The whole listing below, with no pictures, is to be repeated as it stands.

### SOURCE MATERIAL

************

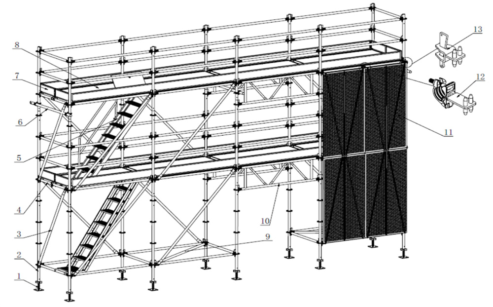 1---可調(diào)底座; 2---立桿; 3---豎向斜桿; 4---水平桿(橫桿); 5---上落梯; 6---連墻件; 7---踢腳板; 8---工作平臺(踏板); 9---水平斜桿; 10---水平桁架; 11---防護(hù)網(wǎng); 12---防護(hù)網(wǎng)水平桿連接件; 13---防護(hù)網(wǎng)立桿連接件。 |
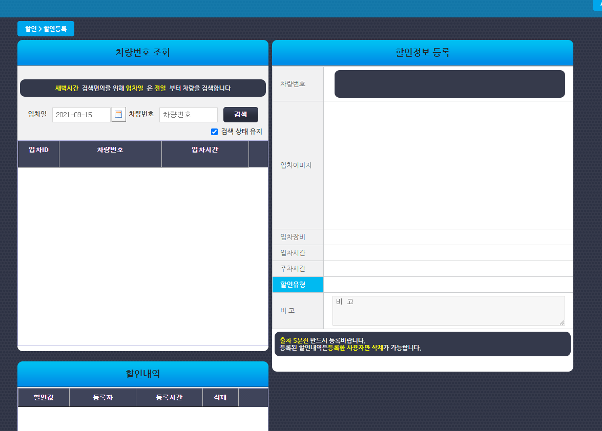 차량번호를 검색해서 오른쪽 하단에 파란색 버튼들을 눌러 감면하는 방식이었다
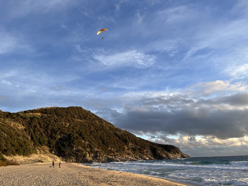 K večeru nás Martin zavede na Spiaggia di Solanas, kde se chvíli nosí na paraglidu nad naší hlavou.

************

### REPLY TO THE EXERCISE
 1---可調(diào)底座; 2---立桿; 3---豎向斜桿; 4---水平桿(橫桿); 5---上落梯; 6---連墻件; 7---踢腳板; 8---工作平臺(踏板); 9---水平斜桿; 10---水平桁架; 11---防護(hù)網(wǎng); 12---防護(hù)網(wǎng)水平桿連接件; 13---防護(hù)網(wǎng)立桿連接件。 |
 차량번호를 검색해서 오른쪽 하단에 파란색 버튼들을 눌러 감면하는 방식이었다
 K večeru nás Martin zavede na Spiaggia di Solanas, kde se chvíli nosí na paraglidu nad naší hlavou.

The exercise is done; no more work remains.